Глаза всех присутствовавших, как по уговору, обратились на Дельвига. Но Пушкин поспешил разуверить их:
– Нет, я разумел не того или другого из друзей стихотворцев; каждый, кому угодно, может принять на свой счет.
Заглянув еще раз в коридор, где к дверям был приставлен часовым старик сторож, чтобы ни один непрошеный гость не ворвался в избранный кружок, Пушкин сел на середине кровати между двумя ближайшими друзьями, Пущиным и Дельвигом, разложил перед собой свои писания, видимо волнуясь, откашлянулся и, не глядя ни на кого, спросил:
– Прикажете начать?
– Чего же ждать? – откликнулся от печки Иконников. – Вы, знай, читайте, а мы, как кот крыловский, будем слушать да кушать.
– Итак, – начал Пушкин: -
Арист!
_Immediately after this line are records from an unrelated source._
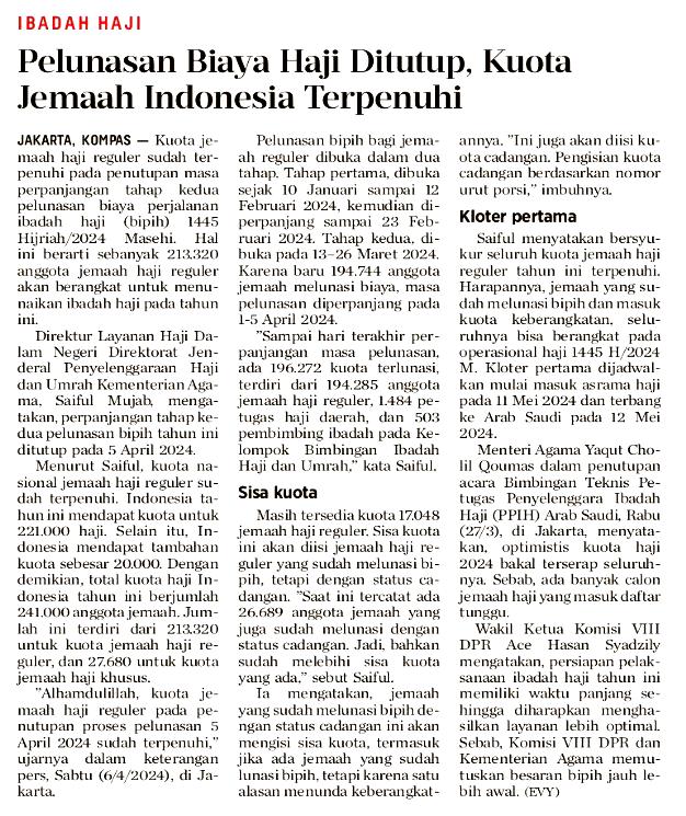 | Judul | Pelunasan Biaya Haji Ditutup, Kuota Jemaah Indonesia Terpenuhi |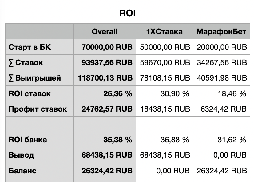 Есть правда один подводный камень. До 29 сентября все ставки были в конторе, с 30 сентября появилась часть виртуальных ставок, а теперь все ставки виртуальные, я их нигде не фиксирую. Так не охота ещё и сами матчи записывать. На мой взгляд, нет в этом никакого смысла. Но для полноценного учёта похоже надо было и это делать.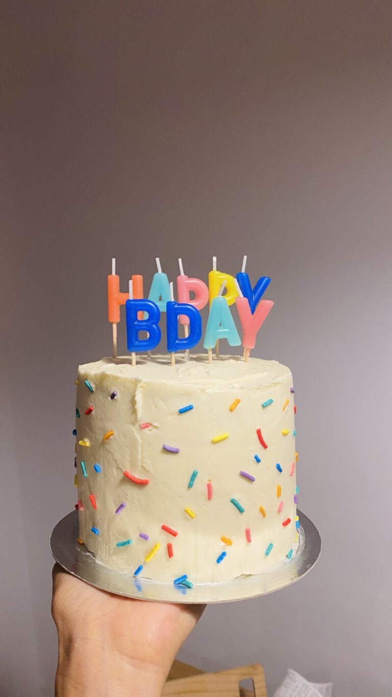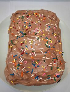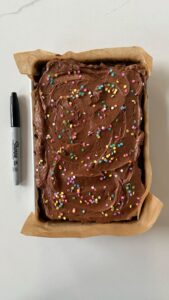 - Transfer the cake to a serving platter, or remove the parchment paper and return it to the pan. Add the buttercream on top and smooth as desired using an offset spatula. Add sprinkles if using. Transfer briefly to the fridge to allow the buttercream to firm up if needed. Bring to room temperature before serving.

И ты в толпе служителей Парнаса!
Ты хочешь оседлать упрямого Пегаса…
Тщательно отделанные стихи этого, действительно, очень удачного стихотворения произвели на всех слушателей самое отрадное впечатление. Сам верховный судия Иконников незаметно придвинулся даже со своим креслом от огня к столу и вполголоса повторял наиболее хлесткие стихи, сопровождая их киванием головой.
– "На Пинде лавры есть, но есть там и крапива", – прогнусил он вслед за чтецом и, отсыпав себе в кулак из знакомой уже читателям коробки-тавлинки горсточку табаку, втянул его не спеша сперва в одну ноздрю, потом в другую. – О, как это верно!
Еще больше тронуло его поучение невоздержанного отшельника мужикам.
– Да, милые мои! – вздохнул он. – Аз, раб Божий, для вас тот же отшельник:
…как вас учу, так вы и поступайте;
Живите хорошо, а мне не подражайте.
По окончании чтения торжество молодого поэта было полное. Товарищи наперерыв выражали ему свое восхищение, доктор молча протянул ему свою жирную руку и обдал его, как фимиамом, клубами сигарного дыма, а экс-гувернер вытащил его к себе из-за стола и, как медведь, крепко облапил.
– Ну утешил, душенька! Ты делаешь честь не одному лицею, а и всей матушке России. Не сердись, дружище, что я тебя «тыкаю», ты для меня теперь не чужой, а словно сын родной, сыновей же не "выкают".
Результат превзошел самые смелые ожидания Пушкина. Конфузясь своего чрезмерного успеха, он в то же время так и сиял от счастья.
– Да уж будто так недурно?.. – бормотал он, высвобождаясь из отеческих объятий Иконникова.
– Очень даже недурно, – подал теперь голос и доктор Пешель.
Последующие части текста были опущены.